→ **SUPPLIED MATERIAL**:
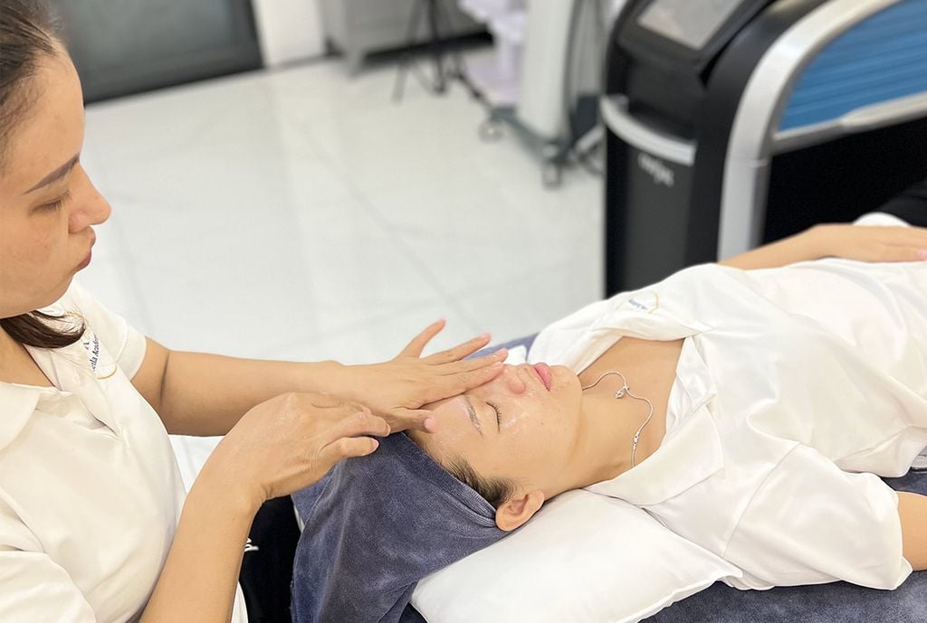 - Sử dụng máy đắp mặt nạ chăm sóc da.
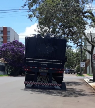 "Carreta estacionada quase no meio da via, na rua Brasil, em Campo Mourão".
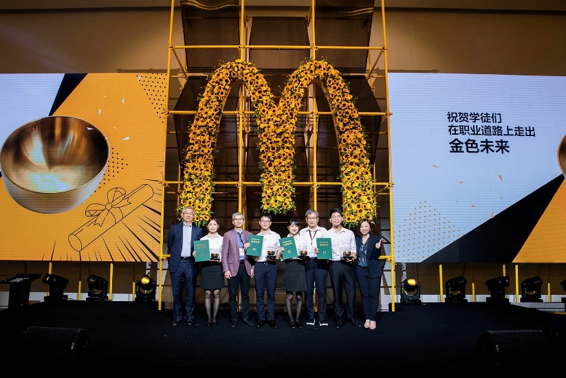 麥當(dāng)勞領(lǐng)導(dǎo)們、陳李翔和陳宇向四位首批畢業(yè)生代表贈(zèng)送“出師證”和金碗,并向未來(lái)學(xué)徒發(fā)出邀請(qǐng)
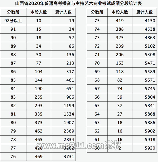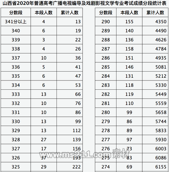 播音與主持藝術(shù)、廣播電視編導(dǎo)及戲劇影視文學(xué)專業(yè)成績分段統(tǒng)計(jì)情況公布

...

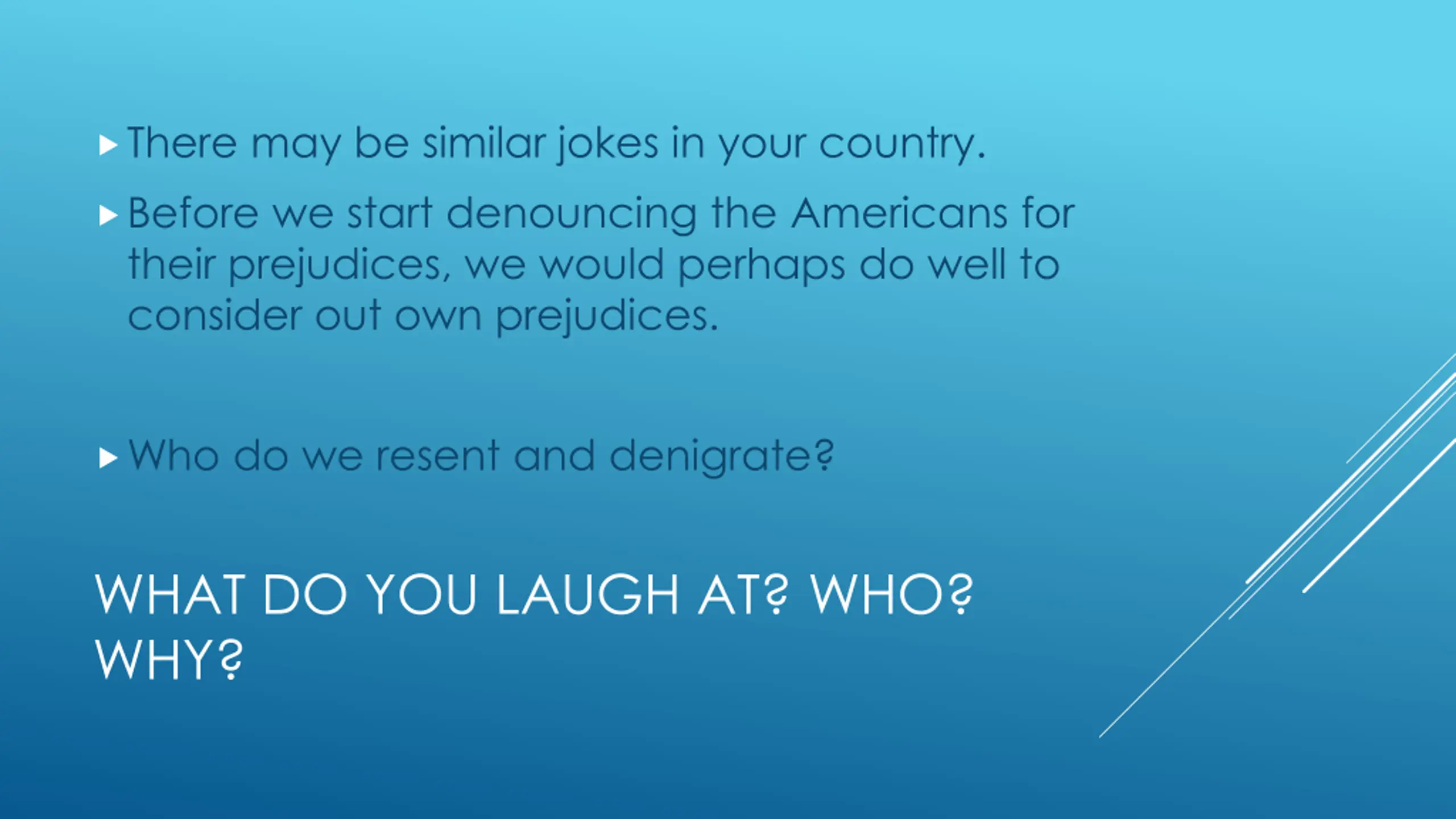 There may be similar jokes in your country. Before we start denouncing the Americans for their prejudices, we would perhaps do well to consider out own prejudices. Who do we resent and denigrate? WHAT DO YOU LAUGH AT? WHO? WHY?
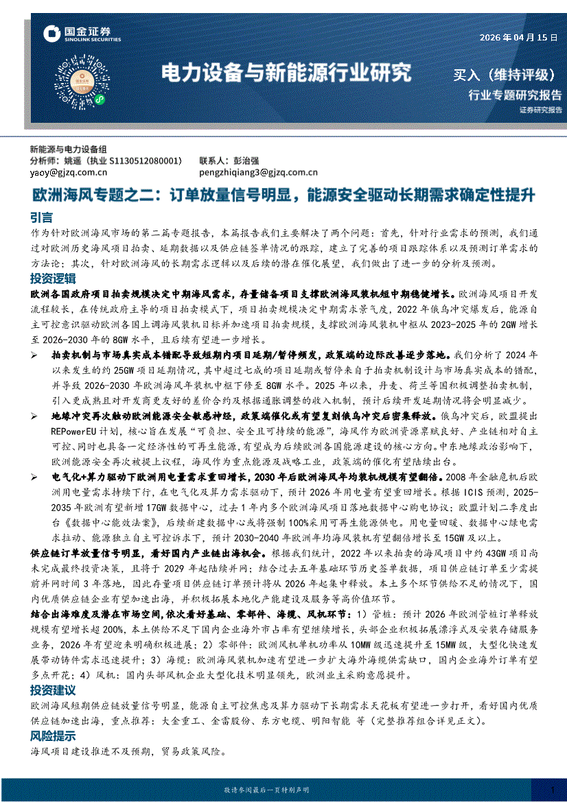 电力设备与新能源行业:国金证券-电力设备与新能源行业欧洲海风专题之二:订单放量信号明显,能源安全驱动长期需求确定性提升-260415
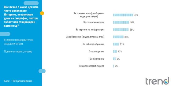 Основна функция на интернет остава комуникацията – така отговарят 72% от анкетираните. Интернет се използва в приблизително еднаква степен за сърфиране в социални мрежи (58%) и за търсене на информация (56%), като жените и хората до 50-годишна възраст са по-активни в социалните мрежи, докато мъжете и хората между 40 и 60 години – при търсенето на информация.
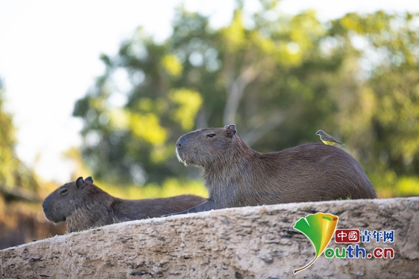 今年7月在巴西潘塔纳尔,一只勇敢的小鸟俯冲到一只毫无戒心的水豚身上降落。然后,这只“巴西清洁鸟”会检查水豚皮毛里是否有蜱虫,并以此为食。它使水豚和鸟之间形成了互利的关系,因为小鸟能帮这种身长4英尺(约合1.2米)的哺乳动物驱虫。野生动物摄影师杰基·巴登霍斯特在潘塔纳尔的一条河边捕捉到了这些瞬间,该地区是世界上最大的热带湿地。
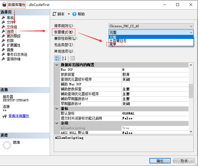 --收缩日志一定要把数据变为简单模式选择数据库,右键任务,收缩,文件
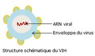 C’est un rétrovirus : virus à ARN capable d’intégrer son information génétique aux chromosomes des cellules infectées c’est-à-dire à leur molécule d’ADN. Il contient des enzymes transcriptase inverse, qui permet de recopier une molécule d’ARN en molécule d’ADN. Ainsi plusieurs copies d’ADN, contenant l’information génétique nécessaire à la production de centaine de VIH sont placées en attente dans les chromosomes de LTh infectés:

→ **WHAT YOU HAVE TO DO**:
Print exactly the lines above that run from the one with "麥當(dāng)勞領(lǐn" down to the one with "播音與主持藝術(shù)、廣", and omit the pictures.

→ **SOLVED EXERCISE**:
 麥當(dāng)勞領(lǐng)導(dǎo)們、陳李翔和陳宇向四位首批畢業(yè)生代表贈(zèng)送“出師證”和金碗,并向未來(lái)學(xué)徒發(fā)出邀請(qǐng)
 播音與主持藝術(shù)、廣播電視編導(dǎo)及戲劇影視文學(xué)專業(yè)成績分段統(tǒng)計(jì)情況公布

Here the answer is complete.